Basically what I was trying to say is that dark matter is one form of exotic matter. However, my now-deleted example of what this means wasn't correct.

Last edited: Jan 25, 2007
9. Jan 25, 2007

### cesiumfrog

... huh?

10. Jan 25, 2007

### pervect

Staff Emeritus
I've got some more time, so I'm going to redo what I think is an interesting analysis, but this time around get the right answer :-)

Suppose we have an infinite region of "true vacuum" with a stress energy tensor of zero, and inside this infinite region of true vacuum, we have a small spherical "box" of some normal material, and we fill this box with dark energy with rho (the energy density) = -P (the isotropic pressure) = constant.

(We need the box - we can't have a stable static boundary between a true vacuum and the dark matter without it).

Because this is a static geometry in a true vacuum, so we can apply the concept of Komar mass, which is basically a volume intergal of rho+Pxx+Pyy+Pzz.

See http://en.wikipedia.org/wiki/Mass_in_general_relativity[/url] and [url]http://en.wikipedia.org/wiki/Komar_mass [Broken].

(Disclaimer: I'm the primary author of both of these articles, so they shouldn't be considered a totally independent source, though I belive Chris Hillman and hopefully some Wikipedians have looked them over for errors.)

If we use the Komar formula to find the mass of the "empty" box, and then use the Komar formula to find the mass of the box full of dark matter, we will find that the mass increases when we add the dark matter.

The reason for this is that the pressure terms will cancel out. Without the dark matter, there is no pressure in the walls of the box. When we add the dark matter, there is a negative pressure inside the box. There is still zero pressure outside the box. The net result is a compression of the box when we add the dark matter to the interior. It can be shown that the integral of this positive pressure in the walls of the box caused by this compression is equal and opposite to the integral of the negative pressure over the volume of the interior of the box. I won't go through the details here, see for instance

http://www.efunda.com/formulae/solid_mechanics/mat_mechanics/pressure_vessel.cfm

and perform the appropriate integration.

Since the pressure terms cancel out, this leaves only the energy term, and because dark matter has a positive energy density, the mass of the box will increase when we add dark matter to it.

However, we examine the "gravitational field" (by which I mean the proper acceleration of a static observer) just inside the box, the walls of the box will not contribute, and the pressure terms show their importance.

This if we place a small test particle just inside the walls of the box, it will move away from the center of the box unless held in place by an inward pointing force. We have effectively a gravitationally repulsive force due to the dark matter.

This is because the Komar integral for the mass of just the dark matter is negative. It's negative because the pressure is isotropic, and rho+3P is negative (rho+P =0, so rho+3P < 0).

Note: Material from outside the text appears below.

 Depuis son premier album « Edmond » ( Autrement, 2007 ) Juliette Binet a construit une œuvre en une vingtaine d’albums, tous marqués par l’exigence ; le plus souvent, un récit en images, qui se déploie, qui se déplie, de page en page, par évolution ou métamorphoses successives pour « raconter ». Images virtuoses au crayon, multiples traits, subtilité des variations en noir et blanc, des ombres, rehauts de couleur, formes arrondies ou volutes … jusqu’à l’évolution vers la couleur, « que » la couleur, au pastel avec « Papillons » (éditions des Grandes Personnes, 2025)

Last edited by a moderator: Apr 22, 2017 at 3:22 PM
11. Jan 27, 2007

### cesiumfrog

Obviously I've spent too much time only thinking about vacuum solutions.. just to clarify, is there a particular reason you use the terms "dark energy" and "dark matter" interchangeably?

12. Jan 27, 2007

### MeJennifer

I thought dark matter was supposed to explain the gravitational peculiarities of galaxies and dark energy would explain the accelerating expansion.

At one point in the future we have to start thinking of how far we can stretch the validity of GR. Sure we can just postulate that GR is eternally right and every future anomality is, with a patronizing voice and a straight face of course, "explained" by yet another dark thing.

13. Jan 27, 2007

### quantum123

That is precisely the point the Internet community is sick of.
Recently some bright halo was discovered around the andromeda galaxy, some people jokingly say could again be attributed dark matter. Who knows what bright matter that present telescopes are not strong enough to see, yet attributed to dark matter, and then later discovered because we have the patience and more powerful telescopes.

14. Jan 27, 2007

### pervect

Staff Emeritus
Did I do that? I hope not. But the way things have been going this week, I wouldn't be surprised if I did :-(. I'm afraid RL has been interfering with my PF posting.

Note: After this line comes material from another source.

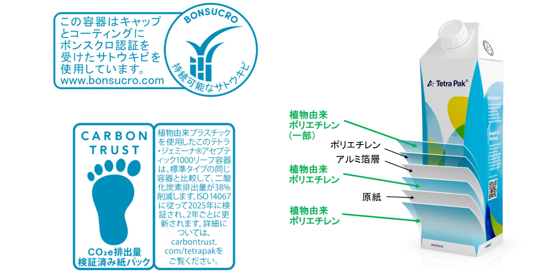 このCO₂削減率はCarbon Trust認証を取得しており、該当容器にはCarbon Trust認証ラベルが印刷され、視覚的にCO₂削減を訴求できるようになります(*2)。さらに、植物由来のポリエチレンはBonsucro認証(*3)を取得しており、サトウキビの持続可能な生産を支援しています。なお、日本テトラパックが国内で販売するアルミ付き紙容器(大型:500ml以上) において、植物由来ポリエチレンを採用するのは初めてです(*4)。

Anyway, there are actual several forms of dark energy, the one I was talking about was the sort associated with a cosmological constant. This is the sort that has a postive energy density rho, and a negative pressure, with P = -rho in geometric units. There are some alternate forms with different "equations of state" (i.e. pressure vs density relation) which share the general features of a positive energy density and a gravitationally significant negative pressure.

Dark energy is different from dark matter. There are several possible forms of dark matter, dark matter could be any form of matter that doesn't emit visible radiation, including for example MACHO's and wimp's.

Dark matter isn't exotic matter. While dark matter has not been directly observed, I belive that as the term as it is usually used implies that one is talking about "cold dark matter" which implies that the pressure terms are negligible. Thus one would assume that rho=positive and P $\approx$ 0 for dark matter - i.e. that the pressure is zero, or at least gravitationally insignificant.

This is different from dark energy, which is assumed to fuel the apparently accelerated expansion of the universe and has a gravitationally significant negative pressure.

Last edited: Jan 27, 2007
15. Jan 30, 2007

### cesiumfrog

OK. So, satisfying the strong energy condition means that if several very distant observers each use a string to a dangle giant coconut-shell over the non-vacuum region, then by measuring the pull they will all make consistant deductions of the mass.

I find this strong condition quite unmotivating so far, partly because the "observers at infinity" bring my mind to the problems defining of an event horizon (opposed perhaps to some form of local horizon) in Schwarzschild versus flat/Rindler spacetime, and partly because current experimental evidence seems to indicate our universe possesses dark energy that violates this condition. On the other hand, it seems the other energy conditions can be equated to protecting local causality, and are not quite violated by the standard dark energy.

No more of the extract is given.